Exercise directions: Pick out all lines with the word "Figure" from the records that follow.

---------- Recorded information ----------

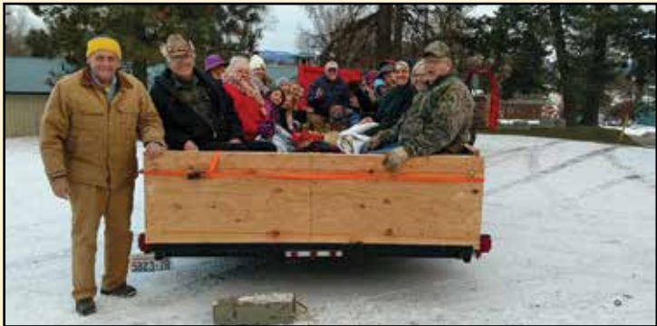
Green Bluff Grange members enjoying an Olde Fashioned Hayride around the bluff.
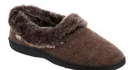
SMOKY TAUPE WS-WXXL | WSw-WXLw A10765SKT
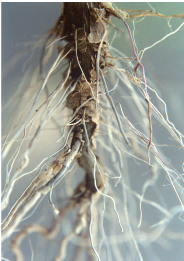
Fig. 3. Detail of damage caused by Fusarium oxysporum on roots of Asclepias curassavica .

of 6.2 mL, enclosed in a polyethylene bag and incubated at 22–24°C with a 12-h photoperiod for 5 days. The bags were then removed.
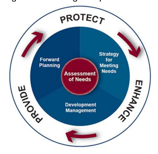
Figure 1: Planning for Sport model

As illustrated, Sport England regards an assessment of need as core to the planning for sporting provision. This report reviews indoor leisure sporting facility need in Dacorum and provides a basis for future strategic planning. The need for outdoor sports is considered separately.
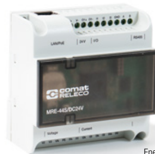
Energy-measuring device MRE-44S/DC24V
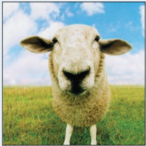
Solar farm grounds crew
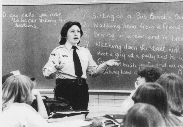
Figure 2. Full-page article on School Resource Officer, Edmonton Journal, April 4, 1981. (Material republished with the express permission of: Edmonton Journal/Calgary Herald, a division of Postmedia Network Inc.)
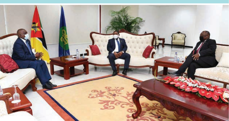
His Excellency President Dr. Mokgweetsi Eric Keabetswe Masi with his counterparts (center) his Excellency Filipe Jacinto Nyusi, President of the Republic of Mozambique and His Excellency Cyril Ramaphosa, President of the Republic of South Africa on 18 th August 2020
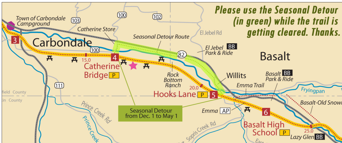
Map of Detour.

We anticipate completion of the trail clean up for Labor Day Weekend. If you need more detailed information please contact our Trail Manager at 970-384-4975.

----------

Output of the exercise:
Figure 1: Planning for Sport model
Figure 2. Full-page article on School Resource Officer, Edmonton Journal, April 4, 1981. (Material republished with the express permission of: Edmonton Journal/Calgary Herald, a division of Postmedia Network Inc.)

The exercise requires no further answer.